◆ **RECORDS TO PROCESS**:
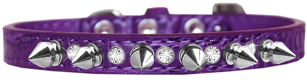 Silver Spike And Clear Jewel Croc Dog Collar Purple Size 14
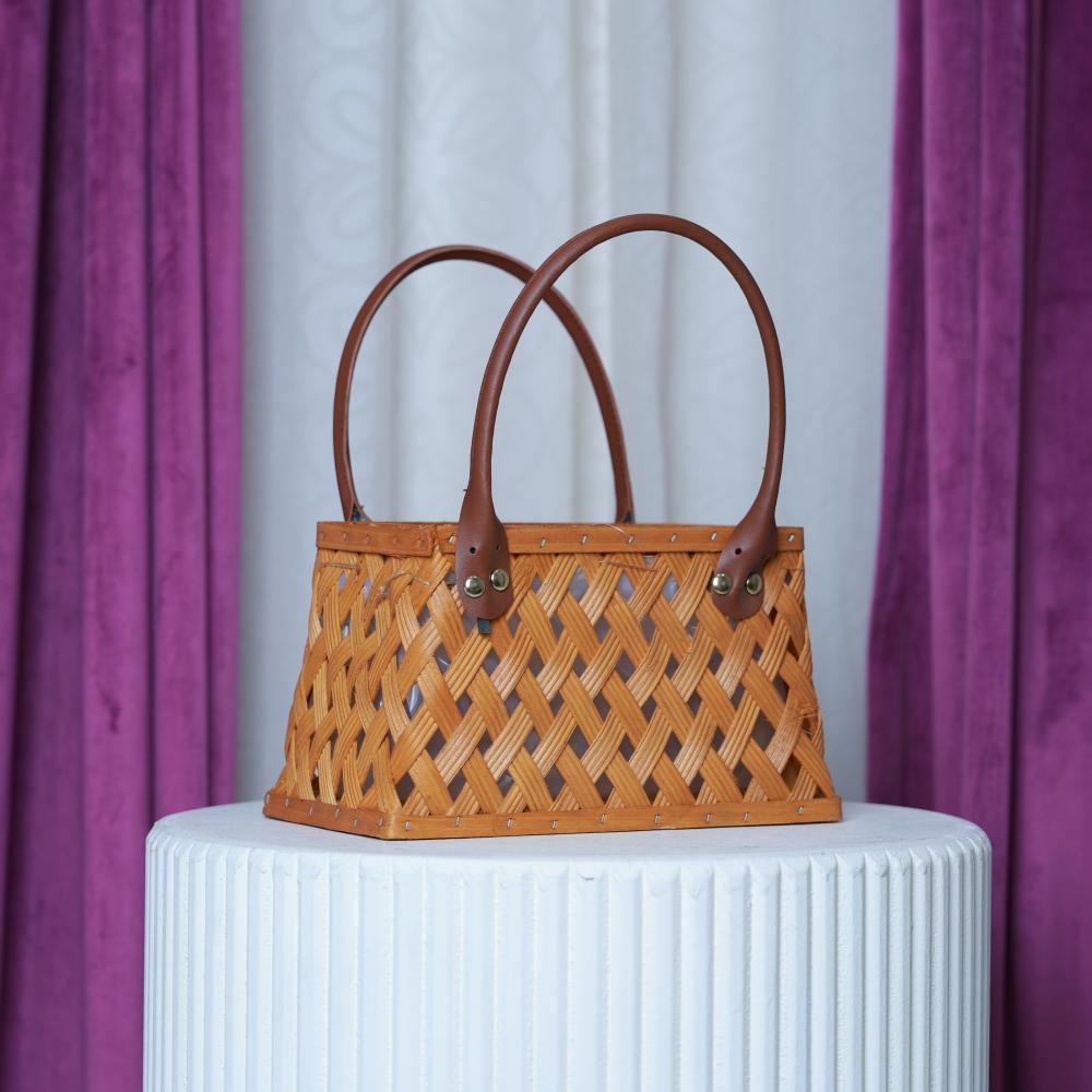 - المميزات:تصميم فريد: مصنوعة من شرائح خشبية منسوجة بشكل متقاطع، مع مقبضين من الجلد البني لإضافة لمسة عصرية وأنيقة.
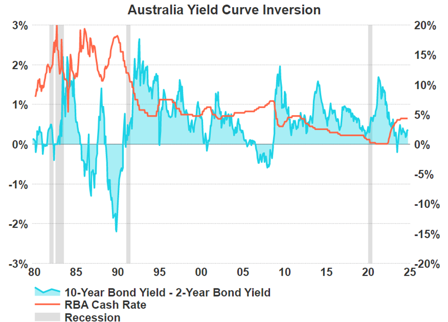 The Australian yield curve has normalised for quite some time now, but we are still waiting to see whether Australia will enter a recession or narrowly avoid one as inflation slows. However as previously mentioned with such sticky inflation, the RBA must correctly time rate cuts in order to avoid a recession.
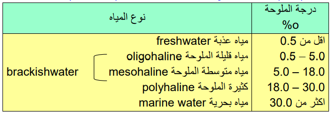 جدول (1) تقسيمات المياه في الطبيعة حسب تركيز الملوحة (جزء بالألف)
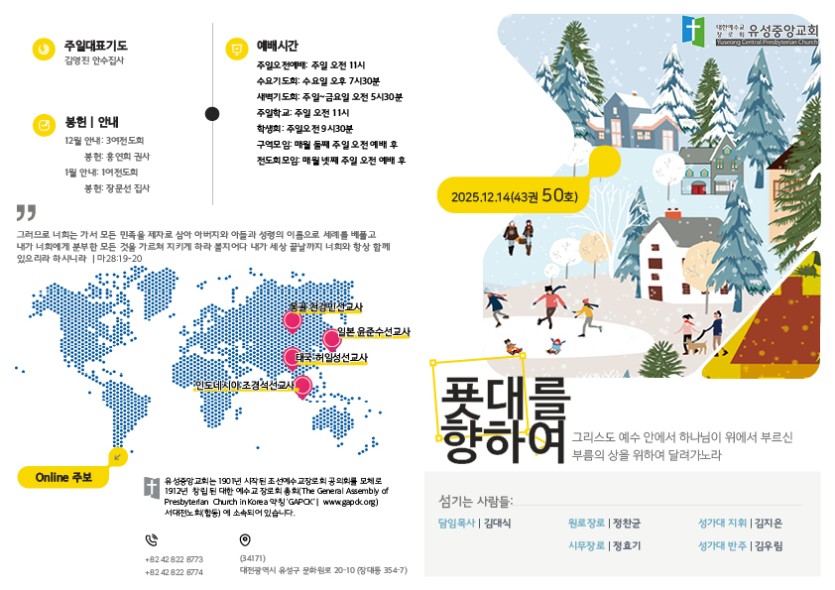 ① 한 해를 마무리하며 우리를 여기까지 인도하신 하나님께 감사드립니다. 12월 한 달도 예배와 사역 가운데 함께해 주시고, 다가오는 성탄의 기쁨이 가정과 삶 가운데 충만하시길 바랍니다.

◆ **PROBLEM TO SOLVE**:
Every record above should be transcribed exactly; the pictures stay out of the copy.

◆ **TASK OUTPUT**:
 Silver Spike And Clear Jewel Croc Dog Collar Purple Size 14
 - المميزات:تصميم فريد: مصنوعة من شرائح خشبية منسوجة بشكل متقاطع، مع مقبضين من الجلد البني لإضافة لمسة عصرية وأنيقة.
 The Australian yield curve has normalised for quite some time now, but we are still waiting to see whether Australia will enter a recession or narrowly avoid one as inflation slows. However as previously mentioned with such sticky inflation, the RBA must correctly time rate cuts in order to avoid a recession.
 جدول (1) تقسيمات المياه في الطبيعة حسب تركيز الملوحة (جزء بالألف)
 ① 한 해를 마무리하며 우리를 여기까지 인도하신 하나님께 감사드립니다. 12월 한 달도 예배와 사역 가운데 함께해 주시고, 다가오는 성탄의 기쁨이 가정과 삶 가운데 충만하시길 바랍니다.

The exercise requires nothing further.